╭──
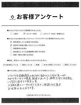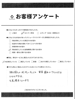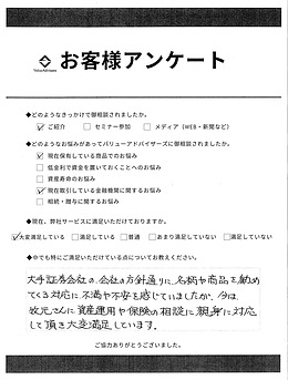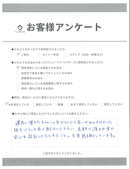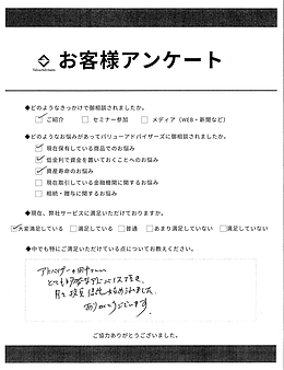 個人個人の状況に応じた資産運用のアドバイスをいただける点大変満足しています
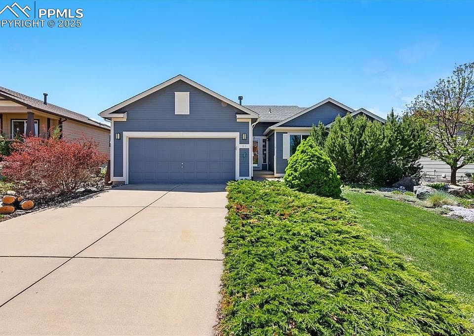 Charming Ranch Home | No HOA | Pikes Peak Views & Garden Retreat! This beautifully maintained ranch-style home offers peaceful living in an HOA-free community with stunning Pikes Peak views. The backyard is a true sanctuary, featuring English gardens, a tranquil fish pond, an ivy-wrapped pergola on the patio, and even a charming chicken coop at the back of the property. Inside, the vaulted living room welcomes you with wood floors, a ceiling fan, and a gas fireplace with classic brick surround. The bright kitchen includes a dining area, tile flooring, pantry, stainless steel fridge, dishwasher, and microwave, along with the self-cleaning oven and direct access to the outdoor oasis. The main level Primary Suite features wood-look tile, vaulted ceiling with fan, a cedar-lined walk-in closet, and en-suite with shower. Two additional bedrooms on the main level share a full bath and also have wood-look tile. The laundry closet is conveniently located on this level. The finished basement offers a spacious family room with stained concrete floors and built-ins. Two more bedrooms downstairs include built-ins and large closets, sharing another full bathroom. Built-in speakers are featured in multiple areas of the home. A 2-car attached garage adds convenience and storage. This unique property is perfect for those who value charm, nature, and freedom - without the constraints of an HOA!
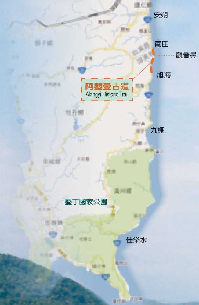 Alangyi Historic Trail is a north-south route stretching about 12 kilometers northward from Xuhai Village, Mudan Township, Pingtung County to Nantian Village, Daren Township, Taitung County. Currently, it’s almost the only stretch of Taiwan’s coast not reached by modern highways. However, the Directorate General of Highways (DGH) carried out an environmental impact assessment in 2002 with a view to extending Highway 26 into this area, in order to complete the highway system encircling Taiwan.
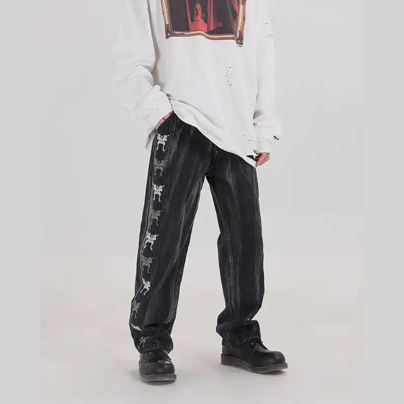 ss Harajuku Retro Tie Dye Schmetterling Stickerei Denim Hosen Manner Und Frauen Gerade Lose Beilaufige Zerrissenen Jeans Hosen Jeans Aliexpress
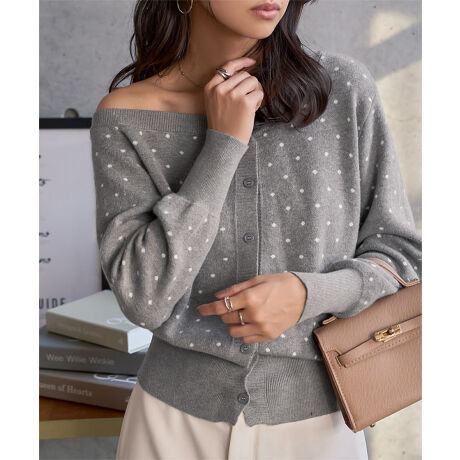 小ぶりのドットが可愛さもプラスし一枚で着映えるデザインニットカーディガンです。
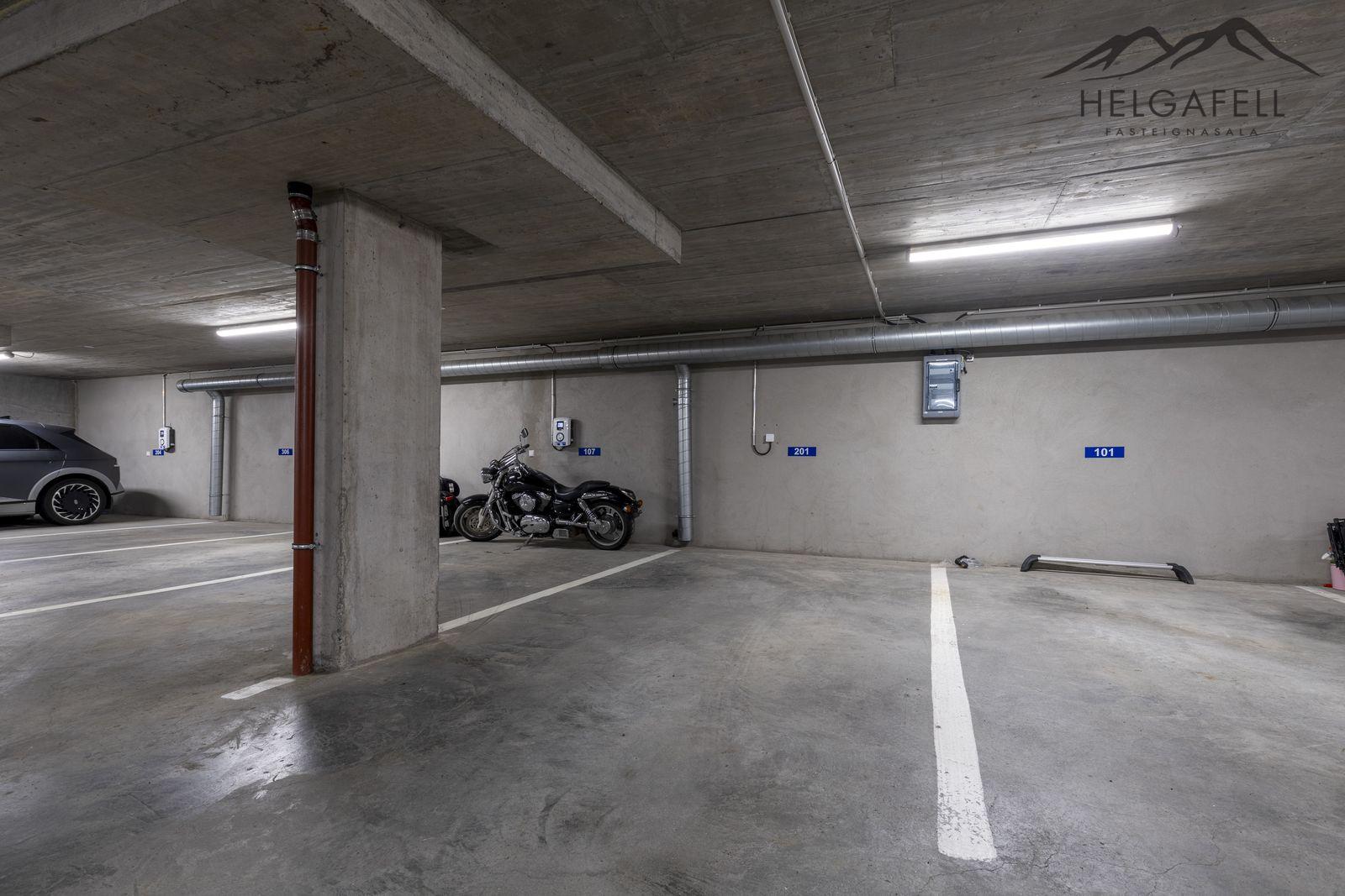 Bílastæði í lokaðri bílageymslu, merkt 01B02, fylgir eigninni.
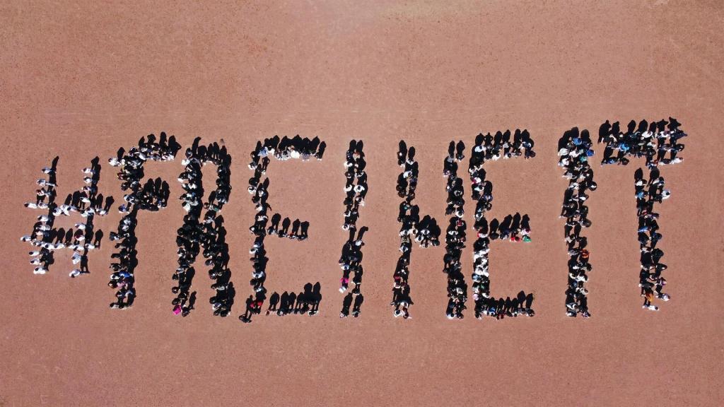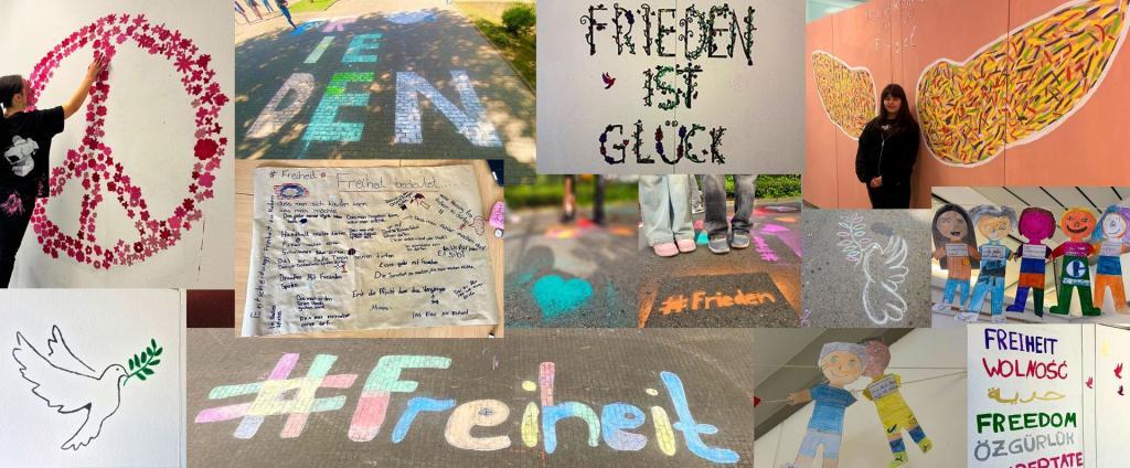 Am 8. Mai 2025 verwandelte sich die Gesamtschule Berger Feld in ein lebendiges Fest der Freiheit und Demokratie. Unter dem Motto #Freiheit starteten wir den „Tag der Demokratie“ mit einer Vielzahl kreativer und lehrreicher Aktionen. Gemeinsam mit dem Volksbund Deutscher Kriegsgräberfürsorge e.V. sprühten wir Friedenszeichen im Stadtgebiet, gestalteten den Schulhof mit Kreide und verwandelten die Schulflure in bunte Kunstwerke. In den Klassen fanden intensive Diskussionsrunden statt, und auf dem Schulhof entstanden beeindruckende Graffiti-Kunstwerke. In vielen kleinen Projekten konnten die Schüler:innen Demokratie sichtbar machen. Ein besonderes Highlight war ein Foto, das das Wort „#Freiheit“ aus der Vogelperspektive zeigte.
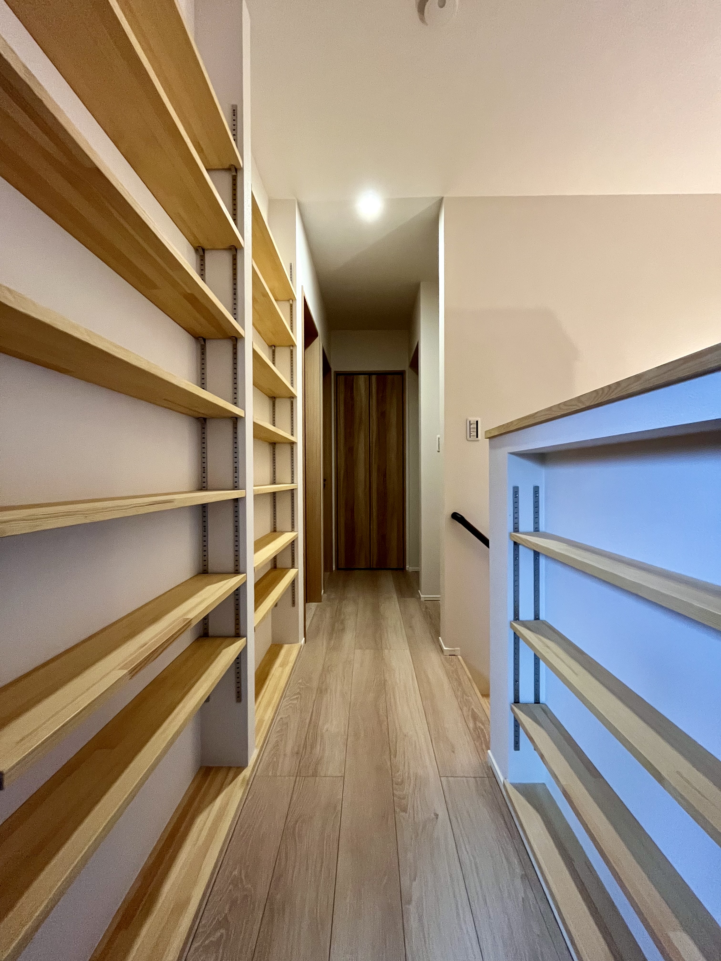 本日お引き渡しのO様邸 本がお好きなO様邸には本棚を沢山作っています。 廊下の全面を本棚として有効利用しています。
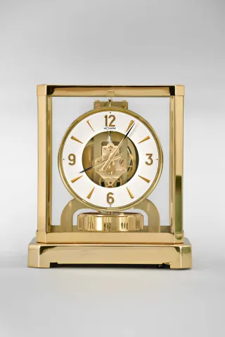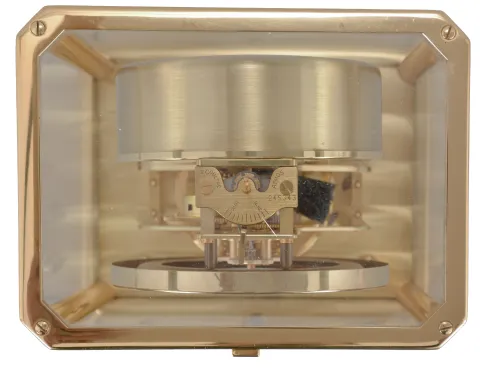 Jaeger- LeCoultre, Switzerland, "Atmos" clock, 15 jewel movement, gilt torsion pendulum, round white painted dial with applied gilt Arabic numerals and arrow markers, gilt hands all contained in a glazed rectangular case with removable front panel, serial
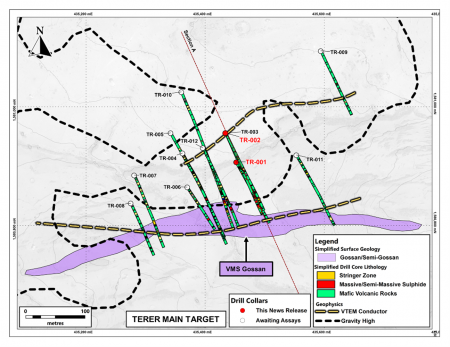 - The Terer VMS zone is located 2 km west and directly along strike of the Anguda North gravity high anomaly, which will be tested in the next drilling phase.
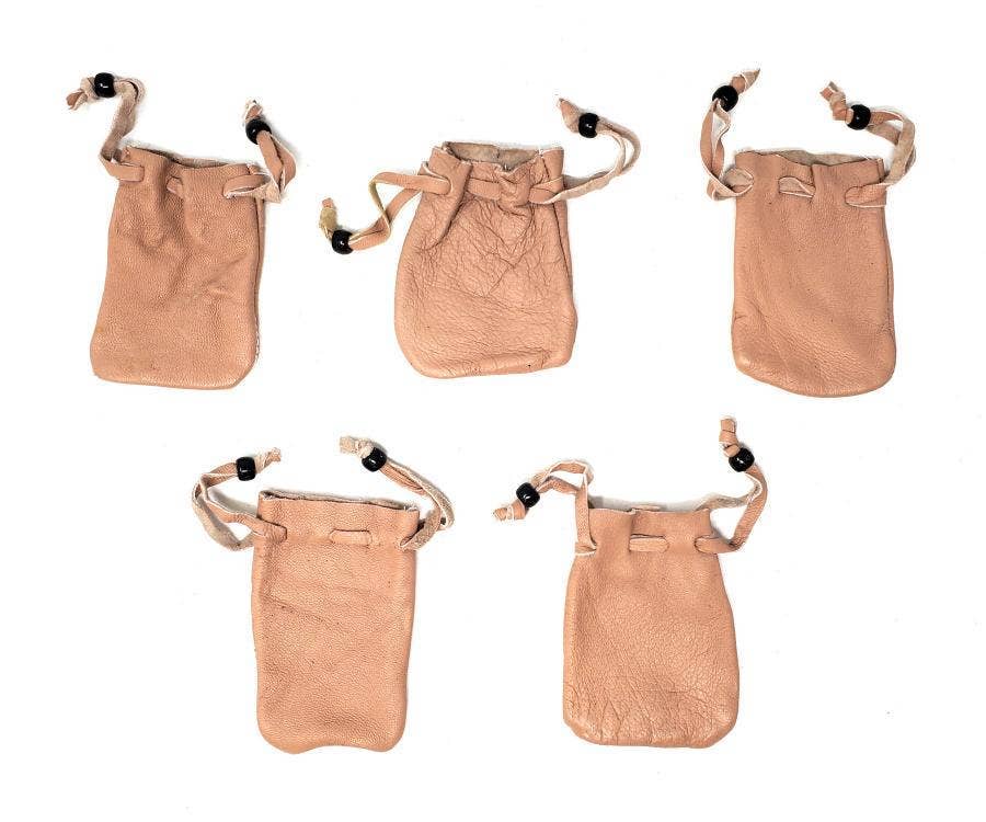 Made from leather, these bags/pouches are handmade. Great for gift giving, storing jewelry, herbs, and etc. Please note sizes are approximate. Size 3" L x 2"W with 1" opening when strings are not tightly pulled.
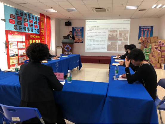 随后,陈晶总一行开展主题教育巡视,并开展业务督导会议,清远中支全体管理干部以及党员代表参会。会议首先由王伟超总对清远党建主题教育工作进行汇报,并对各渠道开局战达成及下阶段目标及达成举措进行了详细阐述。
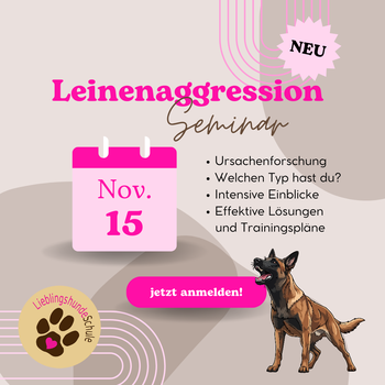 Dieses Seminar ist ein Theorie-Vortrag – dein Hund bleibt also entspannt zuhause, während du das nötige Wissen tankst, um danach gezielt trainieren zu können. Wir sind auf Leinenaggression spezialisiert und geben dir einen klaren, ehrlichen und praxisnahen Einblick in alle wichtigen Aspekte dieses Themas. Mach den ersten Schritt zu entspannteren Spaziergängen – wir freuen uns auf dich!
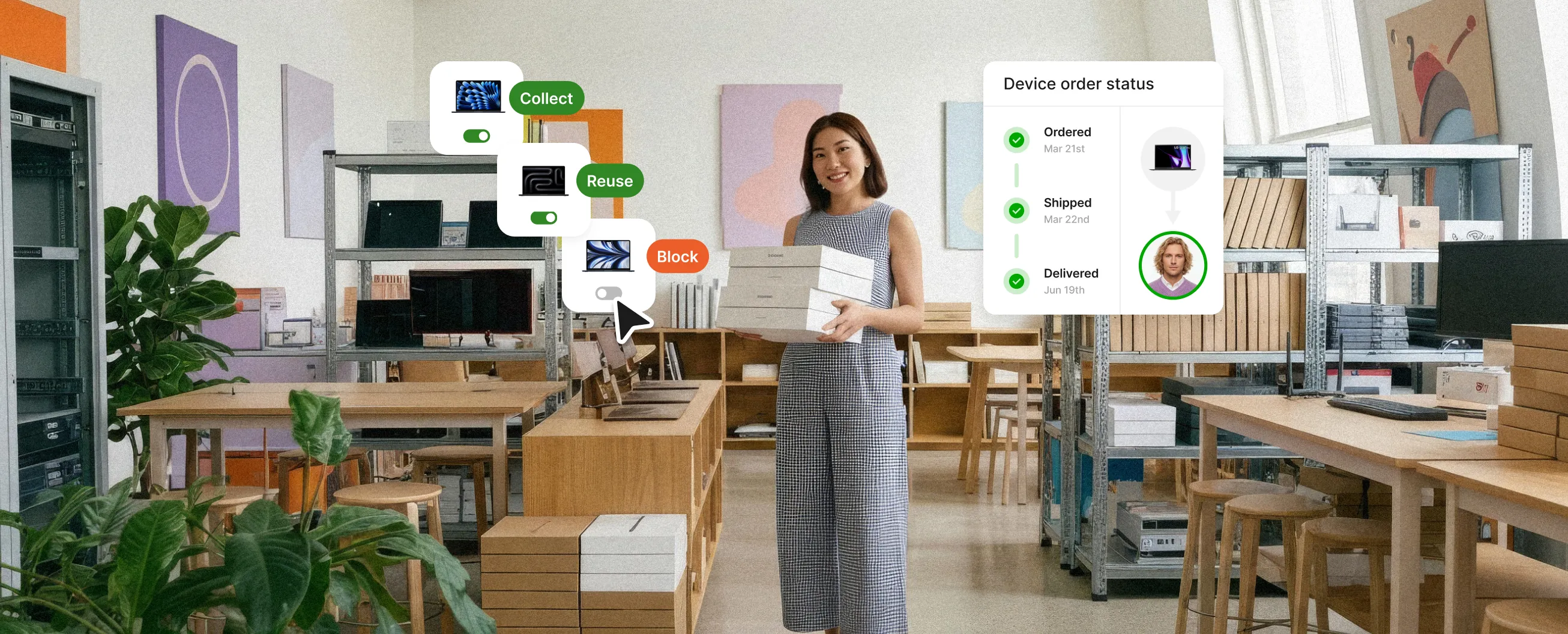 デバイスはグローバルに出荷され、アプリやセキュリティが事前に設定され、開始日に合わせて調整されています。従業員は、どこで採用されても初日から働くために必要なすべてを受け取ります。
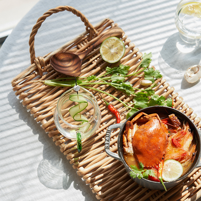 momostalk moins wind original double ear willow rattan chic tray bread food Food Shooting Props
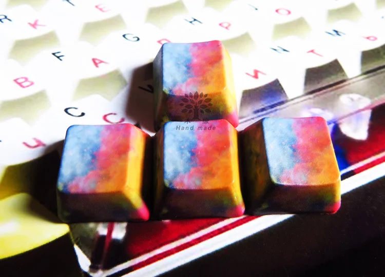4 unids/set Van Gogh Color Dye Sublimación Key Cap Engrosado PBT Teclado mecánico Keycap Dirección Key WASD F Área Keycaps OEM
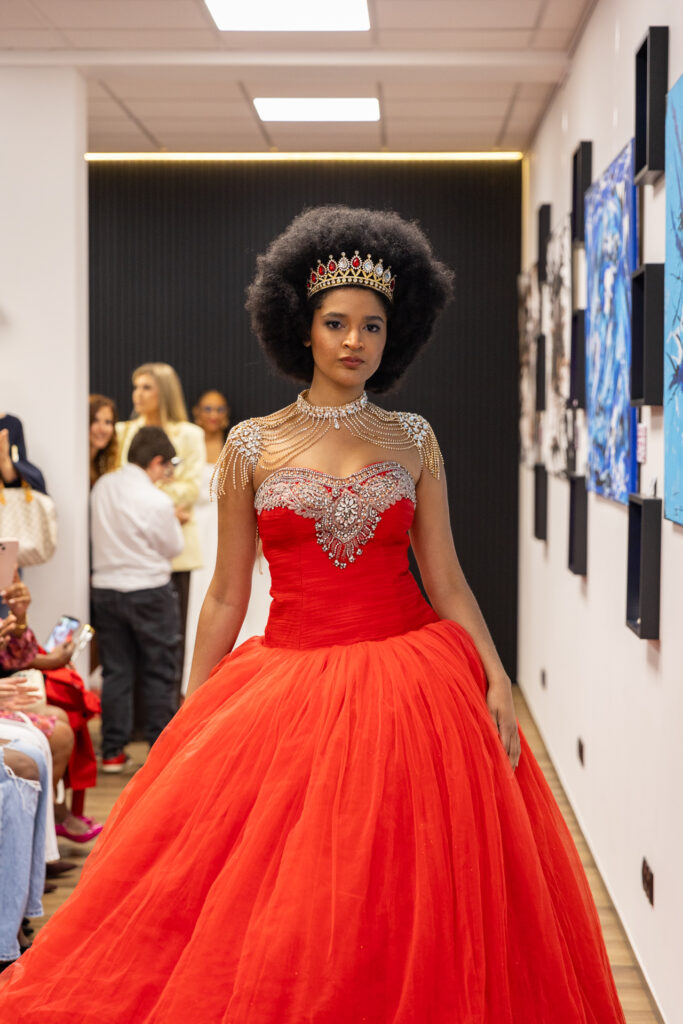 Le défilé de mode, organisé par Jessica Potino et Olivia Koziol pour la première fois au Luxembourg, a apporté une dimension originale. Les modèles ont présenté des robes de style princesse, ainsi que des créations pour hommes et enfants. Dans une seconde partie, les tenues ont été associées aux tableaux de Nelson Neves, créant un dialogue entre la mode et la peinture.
╰──
Your reply should consist solely of the lines from the line containing "momostalk moins wind" through the last line of the listing, unchanged and free of pictures.

### EXPECTED ANSWER
 momostalk moins wind original double ear willow rattan chic tray bread food Food Shooting Props
4 unids/set Van Gogh Color Dye Sublimación Key Cap Engrosado PBT Teclado mecánico Keycap Dirección Key WASD F Área Keycaps OEM
 Le défilé de mode, organisé par Jessica Potino et Olivia Koziol pour la première fois au Luxembourg, a apporté une dimension originale. Les modèles ont présenté des robes de style princesse, ainsi que des créations pour hommes et enfants. Dans une seconde partie, les tenues ont été associées aux tableaux de Nelson Neves, créant un dialogue entre la mode et la peinture.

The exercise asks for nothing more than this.